Yes you are! She wanted to scream it, but instead her head just throbbed, and she pressed her fingers even harder into her temples. "Where are you?" she asked wearily.

"Not sure. Just some tunnel I ducked into when the sun came up." There was a distant sound on the line, like traffic noise. "Think it might be the Cloaca Maxima."

Buffy closed her eyes. A sewer. Ancient, probably non-smelly-by-now sewer, but still...

Dripping water in the darkness. Angel's voice. You deserve more. You deserve something outside of demons and darkness. You should be with someone who can take you into the light.

History was big with the repeating of itself.

She wanted to throw up.

__________

Sunnydale, 2003

"Still no room at the inn, I take it."

Another stairwell, another descent. He'd risen to greet her, a shadow inside other moonlit shadows, and now they were separated by a stretch of basement floor.

She couldn't push herself to approach any further. To step into the room.

"Full house," she bluffed. Of course, he'd know it was a lie. His vampire ears were as sharp as his nose, and the house was nearly as quiet now as his crypt used to be.

Silent as a grave.

"So no choice but my luxury accomadations, then." The glimmering jewel she'd given him was still in his hand.

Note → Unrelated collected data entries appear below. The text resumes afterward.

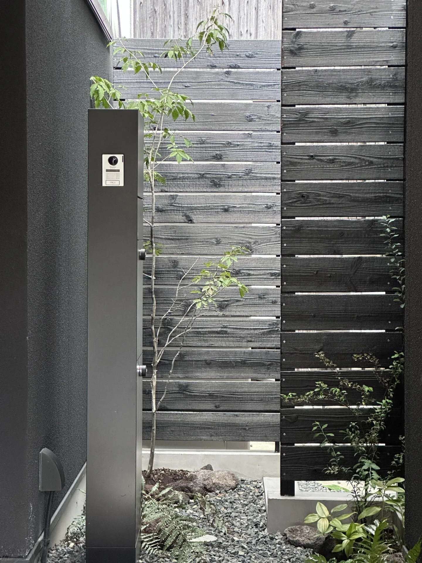【施工事例】ブラック×グレーの住宅に合わせた玄関アプローチ|植栽と門柱デザイン」|かっこいいモダン外構|近江八幡市|滋賀|外構|エクステリア|ガーデン|庭一設計企画|pino/niwaichi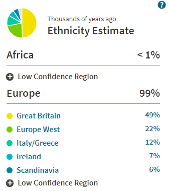 Wouldn’t you know it? I was able to tell her something without much research at all. I’d just had my Ancestry DNA results in! Here I am: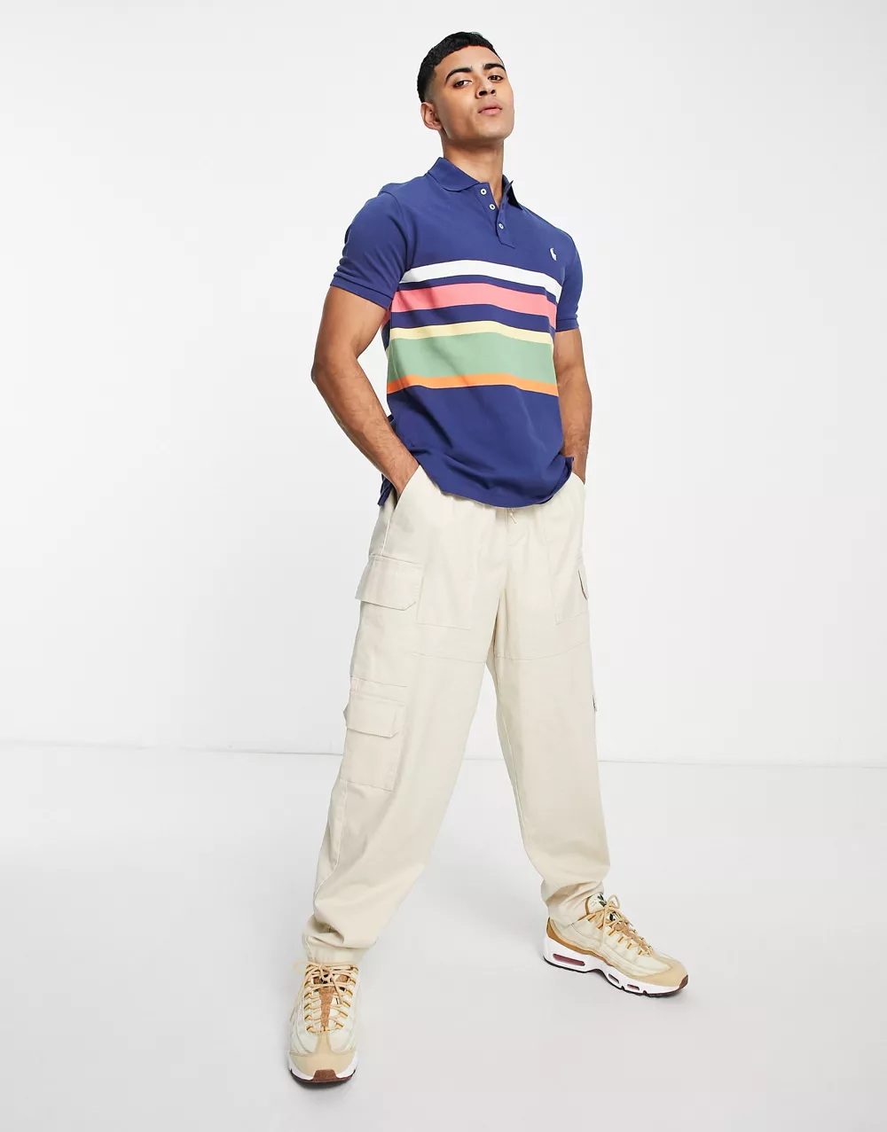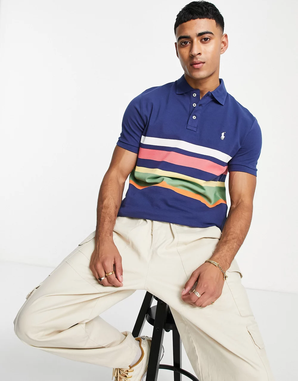 - Polo Ralph Lauren icon logo chest multi stripe pique polo in navy

Swinging, suspended from its tacky chain, a pendulum.

She shrugged. "I thought you wouldn't mind."

He shrugged back, a copy of her motion. "It's your basement."

"Yeah." A crease dug in deep between her brows. Just what Faith had said. "It is."

"Well, c'mon down, then." He swept his arm in welcome, an exaggerated gesture. A game show presenter.

"You know, while we're on the subject," she blurted then, instead of moving. "You can't leave."

His eyebrows lifted. "Oh, is that right?"

"There's anti-demon spell around the house."

"Ah."

"To keep the bad things out."

"Hm. And the good things in?" he asked softly. Fingering the pendant. Looking at him, she sighed.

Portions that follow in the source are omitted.